Aesop/Notes and Research
Random notes about bootstrapping Pascal with Aesop, An Extensive Subset Of Pascal.
Compiler backends[edit]
Conclusion: QBE Assembly is the best choice
- C: Apparently compiling to C loses you some flexibility
- GCC: Far too bloated, apparently not nice to work with, hard dependency on C++.
- LLVM: Far too bloated, hard dependency on C++.
- Cranelift: Very immature and buggy, supports even fewer architectures than QBE.
- QBE:
Supports fewer architectures, but that's not a problem thanks to QEMU. Only dependency is a C compiler.Update: It has come to my attention that, due to its youth, QBE does not support some important features such as inline asm. - Assembly: The only choice after eliminating all the others. Unfortunately.
Language[edit]
Conclusion: Probably C.
- C: Bootstrapping it is annoying, but there's plenty of solid tools like Yacc and Lex for it. It also doesn't have a complexity problem like many of the others do.

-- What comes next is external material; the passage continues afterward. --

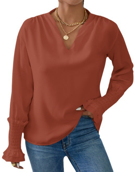 Denne eksklusive dametop kombinerer elegance og komfort til enhver lejlighed. Det fine stof sikrer en behagelig pasform, mens ruffle-detaljerne ved ærmerne sætter et stilfuldt præg.

- Go: I don't know it very well.
- Rust: Bootstrapping it is annoying, it suffers from complexity syndrome, and the ecosystem has an annoying tendency to pull in dozens of dependencies with each crate.
- D: Bootstrapping it is annoying, and it has too many features for its own good.
- Scheme: No static typing :(
- Lisp: No static typing :(
- Nim: The whole point of Aesop is to reach Nim in the first place!
- OCaml: Older version is bootstrapped; not all libraries will work with this version.
- Idris: Requires Haskell.
- Haskell: Attempting to bootstrap it is more scarring than programming in COBOL.
- One of the stage0 languages: Ha ha, you're very funny.
Possible alternative solutions to the FPC problem[edit]
Conclusion: diverse double-compilation with a new compiler (Aesop) is the best solution
- Compiling it with GNU Pascal: Nobody could figure out how to make it compile with modern toolchains, and they follow completely different standards: FPC follows (and was written using) Turbo Pascal and Delphi features, whereas GNU Pascal followed the ISO Extended Pascal standard. However, GNU Pascal has significant support for the Borland Pascal(Turbo Pascal 7) dialect. This should be enough to compile FreePascal 1.0.10, and to start the bootstrap chain.
- Using an older version and doing a chain: We'd need to emulate it in DOSBox or FreeDOS-in-QEMU or something prior to Unix-like support added in Freepascal 1.0.10. The first versions were compiled by the proprietary Turbo Pascal compiler, in response to Borland dropping support for DOS. Those first versions probably STILL used Turbo Pascal extensions like the preprocessor and units. GNU Pascal supports Turbo Pascal extensions, but not the new features implemented and used in recent Freepascal versions.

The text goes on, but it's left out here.